# Windows 8 - so frustrating.



## T.D.K (Mar 16, 2011)

Anyone else using the latest Windows O/S?

I killed off my lovely Acer laptop with coffee this morning - running Windows 7

I now have a HP laptop with Windows 8 and I am close to throwing it on the floor.

Does anyone know how to stop the gestures on the trackpad. I'm using the internet and if I swipe left or right too fast, it brings up other apps running. 

It feels like it's been designed for a tablet and NOT a laptop

So frustrating.


----------



## Will-S (Jun 5, 2007)

i have window 8. in the bottom left hand of the screen there is an area for icons. one of them is a triangle, tap on this and it brings up a pop up. one of them is called touch pad. click on this and then you can adjust the settings


----------



## hobbs182 (Jul 10, 2013)

have a look at classic start/shell, has features to turn it back to windows 7 in certain ways, might make it more bearable for you

working in IT we have had a lot of complaints about 8 but being the only store in the area selling new laptops with windows 7 installed, we aren't complaining lol!


----------



## G.P (Dec 13, 2011)

T.D.K said:


> Anyone else using the latest Windows O/S?
> 
> So frustrating.


Yep, it sure takes some getting used to..


----------



## T.D.K (Mar 16, 2011)

Thanks guys, the side swiping is gone now but on internet explorer (windows 8 version) how do I now bring up the web search bar as it won't appear now the side swipe gestures are disabled.

EDIT: Just figured it out, right click brings it up!!

This OS feels more suitable for a tablet.


----------



## M4D YN (Nov 24, 2007)

terrible OS :wall:


----------



## ikon66 (Jul 23, 2008)

T.D.K said:


> This OS feels more suitable for a tablet.


that's what it was designed for really. Windows 8.1 is out soon it'll be a free download and gives the option of a win 7 gui 

however, i love it on my desktop


----------



## svended (Oct 7, 2011)

I went into Staples today and was told I could buy Windows Vista HP for my Windows 8 laptop for £224.00. Or I could buy Windows 7 for £122.00. All I know is I hate loathe and detest Windows 8. When at PCWorld I had a quick go at Windows 8 on a tablet and was okay, would take a bit on getting used to, but on a non-touchscreen laptop. No way.


----------



## Kerr (Mar 27, 2012)

I've had my Windows 8 laptop for about 7-8 months now and I'm still all over the place using it. 

It's just not fluent at all and nothing is where is should be. 

You'd think they had some normal people try it before selling it. Just about everyone hates it.


----------



## buckas (Jun 13, 2008)

recently bought a new custom pc, specced it purposely with w7 - 8 is just rubbish


----------



## T.D.K (Mar 16, 2011)

Well I've downloaded Chrome to use on the normal desktop bit and it runs so so so much better than the Windows 8 internet explorer. 

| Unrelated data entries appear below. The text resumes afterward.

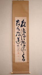 - Kalligrafie - samurai - zwaardvechter - twee regels -Meiji-periode japans handgeschilderde op papier hangende rol getiteld calligraphy - samurai - swordsman - two-line, toegeschreven aan en gesigneerd als naar yamaoka tesshu, gelicentieerde replica, tot
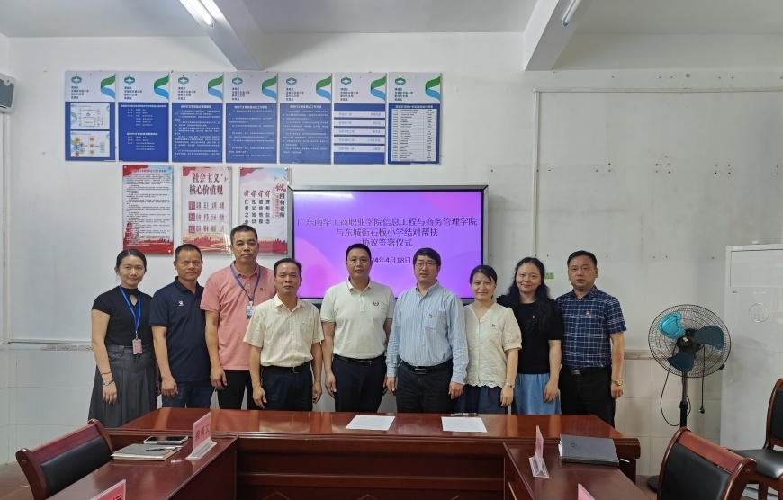 为深入实施“百千万工程”突击队行动,推进教育高质量发展,推进资源共享、优势互补,信息工程与商务管理学院(以下简称“信商学院”)与东城街石板小学结对共建,2024年4月18日下午,双方在东城石板小学开展结对帮扶协议签署仪式。
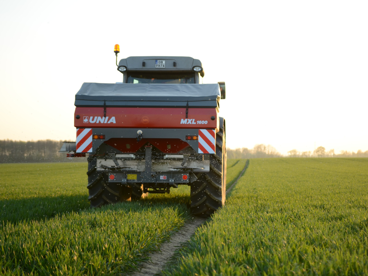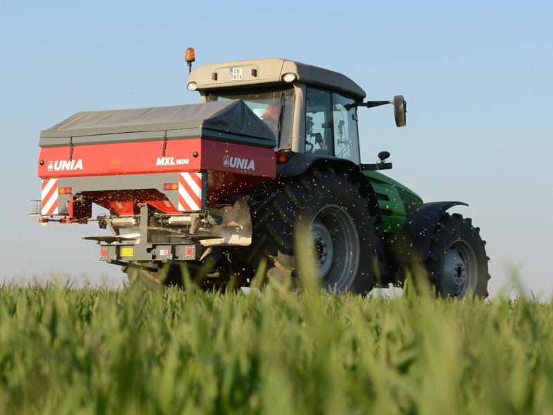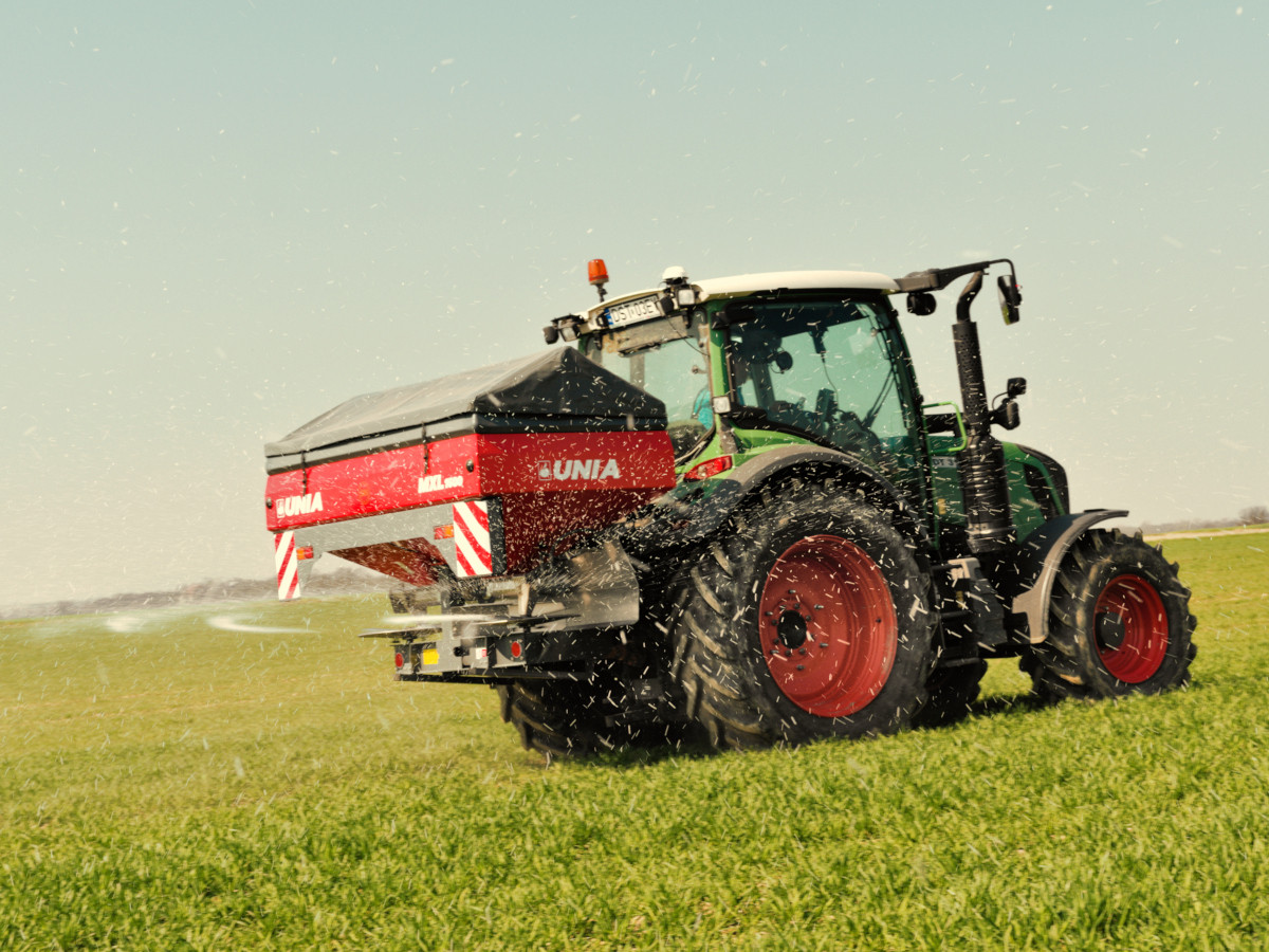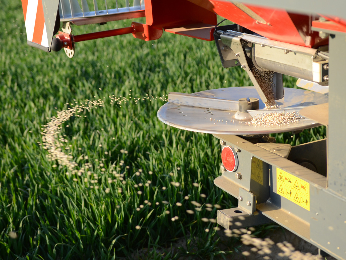 Dwutarczowe zawieszane rozsiewacze nawozów z innowacyjnym ślimakowym systemem dozowania nawozów o pojemnościach od 1200 do 3000 litrów i szerokości roboczej do 36 metrów.
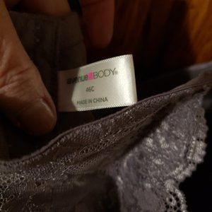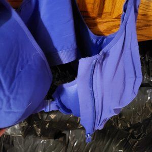 1st is a NEW never worn blue underwire sports bra with a front closure and a front zipper closure from Avenue size 48D. 2nd is a purple unlined lace bra, size 48C. 3rd is a NEW never worn purple bra from Avenue size 46C.
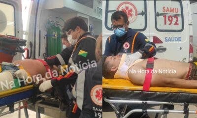 O motorista Francisco Cruzne e o passageiro Vanderson Viera da Silva, 19 anos, ficaram gravemente feridos após a colisão entre um veículo de passeio e um...
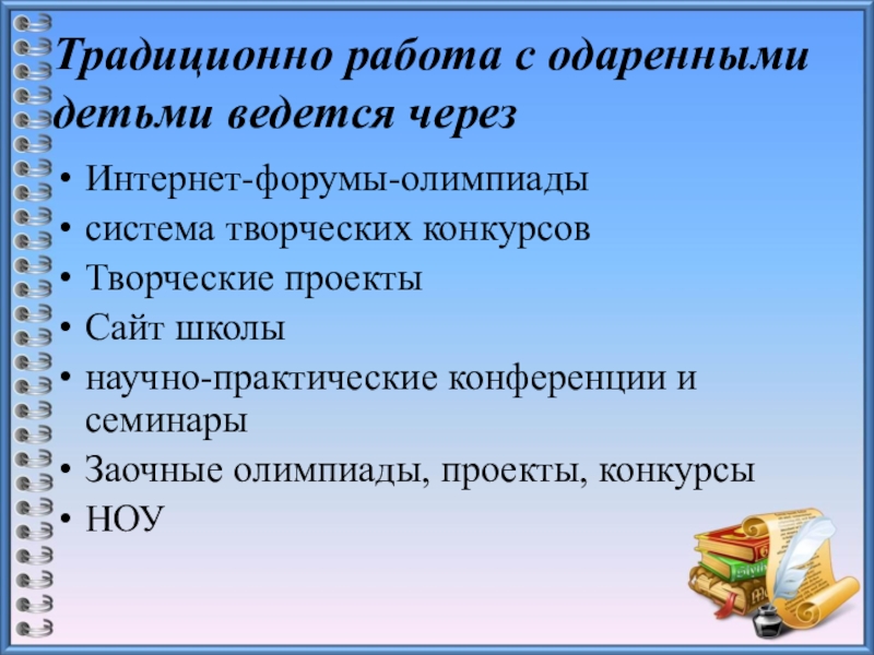 Слайд 9Традиционно работа с одаренными детьми ведется через
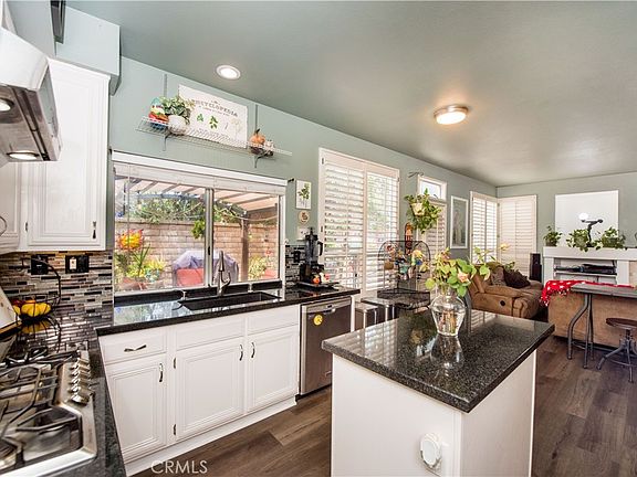 This is it! This beautiful 4 bed and 2.5 bath home boasts 1944 square feet of living space and many tasteful upgrades throughout. The kitchen has received a full set of stainless steel appliances, white cabinets, black granite countertops and a designer backsplash. The entire downstairs has been appointed with new luxury wood look vinyl tile. There is both a living room with a remodeled fireplace and a family room. A completely remodeled half bath, a formal dining area with a designer ceiling fan and a huge laundry room with a sink and folding table. The downstairs oversized bedroom/Den offers amazing privacy from the other rooms as well. Upstairs you will find 3 more bedrooms and 2 bathrooms. Two of the rooms share a Jack and Jill bathroom and the primary bedroom has its own on suite bathroom. The primary suite is sizeable and has a walk in closet. In the backyard you will find a brand new sparkling covered hot tub and a bar with a built in refrigerator for entertaining. There is also a mature lemon tree and dog run. This home has also recently received a new water heater, HVAC system, and leased solar. Located within walking distance to Stagecoach park, and freeway close to both the 91 and 60 freeways. There are no neighbors behind. All this one needs is its new owners!
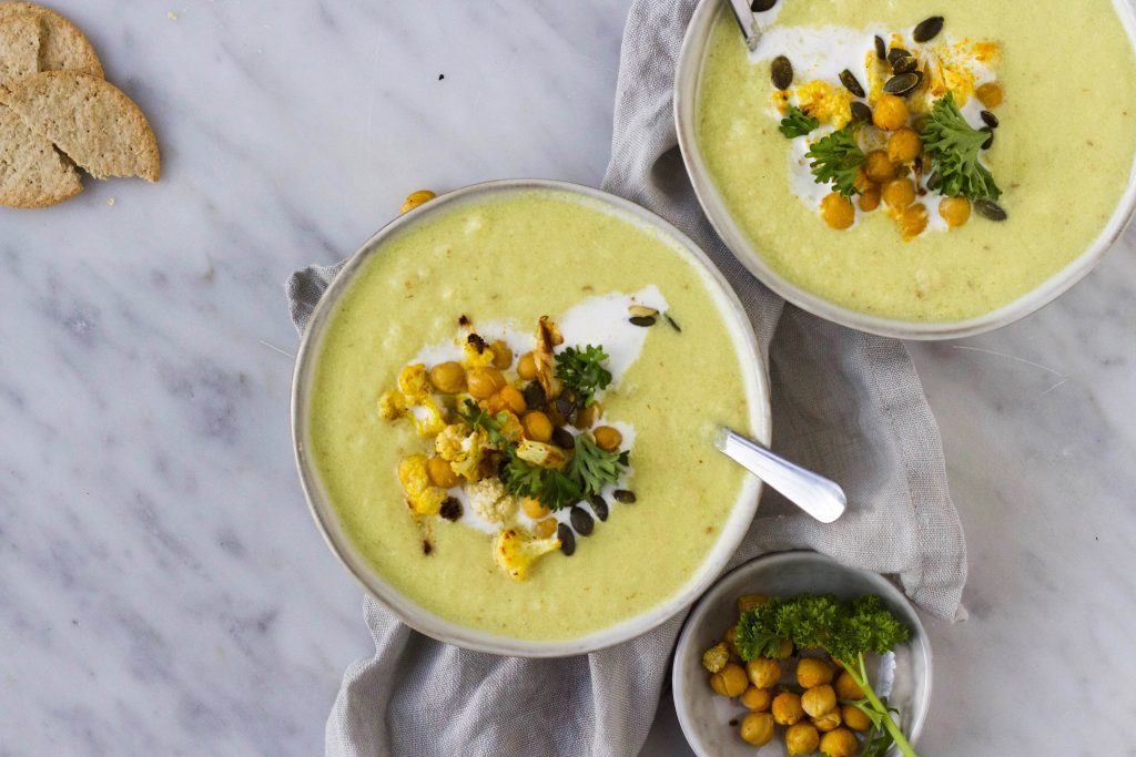 Creamy bloemkool-curry soep met geroosterde kikkererwten

I'm happier now but my God what a sloppy OS, amazing that Microsoft felt this was suitable for laptops.

There is a IT professional where I work, would it be possible for him to take 8 off and just put Windows 7 on?


----------



## PugIain (Jun 28, 2006)

I have Win 7 64 on my PC. I tried a guy's laptop with 8 on. Wasn't massively impressed.


----------



## T.D.K (Mar 16, 2011)

How I force a app to close? The 'store' isn't responding and I don't know how to close the program and try it again.


----------



## RichardM (Mar 1, 2009)

Alt + F4 to close an app

I've been using Windows 8.1 preview for a while and it is improved. I think I will stick with it rather than go back to 7. Windows 8 wasn't an option after trying it for a while.


----------



## Mick (Jan 23, 2010)

T.D.K said:


> Well I've downloaded Chrome to use on the normal desktop bit and it runs so so so much better than the Windows 8 internet explorer.
> 
> I'm happier now but my God what a sloppy OS, amazing that Microsoft felt this was suitable for laptops.
> 
> There is a IT professional where I work, *would it be possible for him to take 8 off and just put Windows 7 on?*


absolutely, so long as he has the windows 7 disks and a product key :thumb:


----------



## [email protected] (Jan 9, 2006)

As already stated goto www.ninite.com and download classic start button, best mod for windows 8 Im running it on both machines and really like it


----------



## MA3RC (Jun 19, 2012)

I really dislike the default photo viewer, and their apps with no close buttons, its a nightmare trying to explain to users how you have to drag to close. I have since changed the default programs. It's a nightmare! Like trying to learn to ride a bike all over again


----------



## snoopin (Jul 26, 2009)

Its the future of Microsoft operating systems im afraid, even the 8.1 updated version is the same, they have added a "start" button but it only functions the same as the windows key on your keyboard, so pretty much pointless and only there to satisfy the haters...

I love it... took a while to get used to it but wouldn't go back now


----------



## ardandy (Aug 18, 2006)

People said the same when XP came out.

and Vista

and Win 7

Unfamiliarity and lack of knowledge is usually the case in my 15+ years in IT. People assume they can just use something without actually looking anything up or reading how to do stuff.

Although I do agree, W7 is way more user friendly than W8. However now I'm use to W8 I'm getting to like it more, certainly quicker.

Here's to Windows 9!


----------



## T.D.K (Mar 16, 2011)

I'm using the familiar windows layout option more than the windows 8 bit, I have no use for it whatsoever.

Windows 7 was way better - this is gimmicky and pandering to the 'touch' generation. Which is fine but for a normal laptop, windows 7 was more suitable.

Still considering getting someone to just install 7 and lose 8 all together.


----------



## banditbarron (Sep 1, 2007)

Dare I say you should have bought a chrome book?


----------



## downhuman (Mar 25, 2007)

I like 8 with a start menu... Using start 8 currently. More powerful than 7. Better task manager etc. Never go into metro though. Hate it


----------